Two of the counit arrows, $\functionf\epsilon : \functionf\Coim \to \setY$ and $(\functionf\functiong)\epsilon : (\functionf\functiong)\Coim \to \setZ$, are not shown in the above diagram, due to limitations of the typesetting software.

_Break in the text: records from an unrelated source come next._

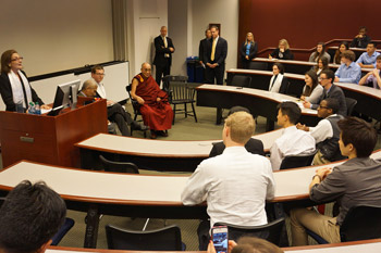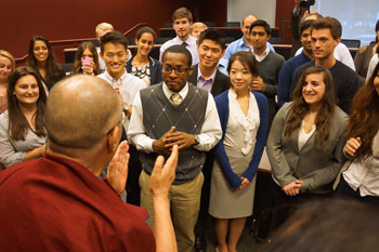 His Holiness the Dalai Lama visiting a Business Studies classroom and interacting directly with the students on the topic of Secular Ethics during his visit to Emory University in Atlanta, Georgia on October 10, 2013. Photo/Jeremy Russell/OHHDL
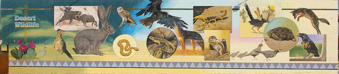 Featuring the desert critters that inhabit the valley and neighboring Joshua Tree National Park, which encompasses 800,000 acres and many species of wildlife within its protective boundaries. The mural had to be removed in 2007, after irreparable damage occurred to the wall, due in part to the harsh desert wind and sun.
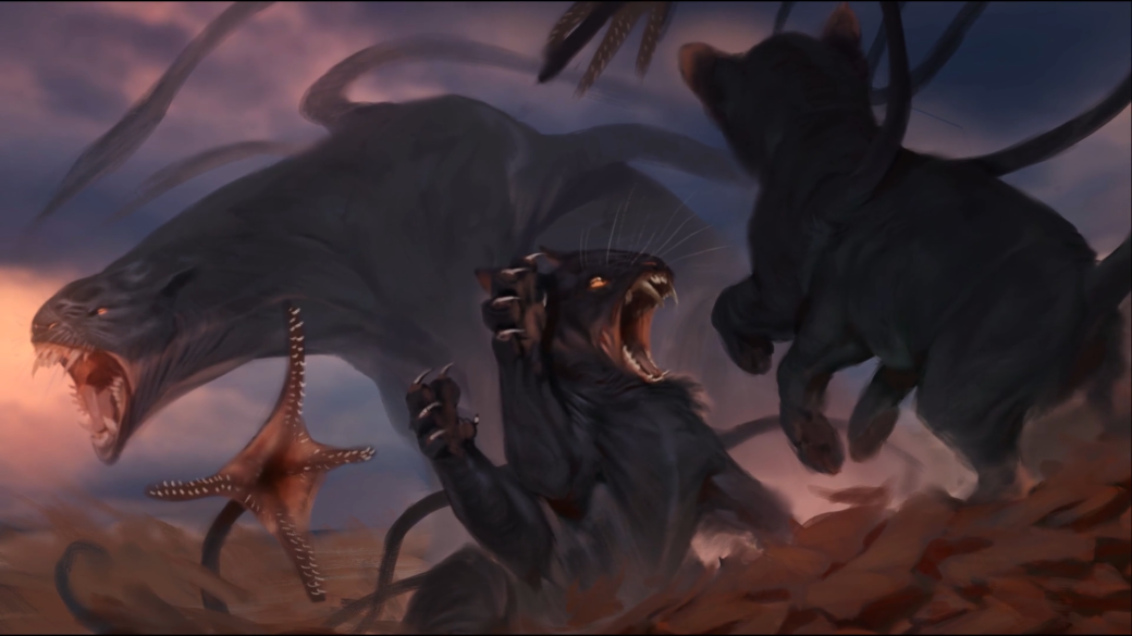 На артах можно увидеть атмосферное окружение, эпичных монстров и различных персонажей, включая крылатого кота (Трессим в D& D) и потенциальных компаньонов.

By performing a horizontal shear on the lower two-thirds of the diagram,
and shifting $(\functionf\functiong)\Coim$ right along with what is below it, those arrows can be displayed: $$\begin{array}{cccccccc} \setX\times\setX & \supseteq & \{ \eltx,\eltxp \mid \eltx\functionf = \eltxp\functionf \} & = & \functionf\Kp & \xrightrightarrows{\textstyle \functionf\kp} & \setX & \xtwoheadrightarrow{\textstyle \functionf\coim} & \functionf\Coim \\ \Big\Vert && \llap{\text{inclusion}} \Big\downarrow \rlap{\text{of subsets}} && \Big\downarrow && \Big\Vert && & \searrow \rlap{\text{merge operation}} \\ \setX\times\setX & \supseteq & \{ \eltx,\eltxp \mid \eltx\functionf\functiong = \eltxp\functionf\functiong \} & = & (\functionf\functiong)\Kp & \xrightrightarrows{ \smash { \textstyle (\functionf\functiong)\kp } } & \setX & {} \rlap{ \mkern-2em \xtwoheadrightarrow{ \smash { \textstyle (\functionf\functiong)\coim \mkern7.6em } } } & \smash{\Bigg\downarrow \rlap{\mkern-.8em\raise2ex\hbox{$\functionf\epsilon$}}} && (\functionf\functiong)\Coim & = & (\functionf\functiong)\Coim \\ & \llap{\functionf\times\functionf} \searrow && \searrow \rlap{\mkern-7.6em \text{restriction of $\functionf\times\functionf$}} && \searrow && \searrow \rlap{\mkern-36mu \functionf = \text{species} } &&& \big\downarrow \\ && \setY\times\setY & \supseteq & \{ \elty,\eltyp \mid \elty\functiong = \eltyp\functiong \} & = & \functiong\Kp & \xrightrightarrows[ \smash { \textstyle \functiong\kp } ]{} & \setY & \xtwoheadrightarrow{ \smash { \textstyle \functiong\coim } } & \functiong\Coim && \Big\downarrow \rlap{(\functionf\functiong)\epsilon} \\ && &&&&&&& \searrow \rlap{\mkern-36mu \functiong = \text{genus} } & \downarrow \rlap{\functiong\epsilon} \\ && &&&&&&&& \setZ & = & \setZ \\ \end{array}$$ The arrow from $(\functionf\functiong)\Coim$ to $\functiong\Coim$ may seem a little mysterious.
The idea is that, using the terminology of (the genus and species example),
if (two specimens have the same genus), then (their species will also have the same genus).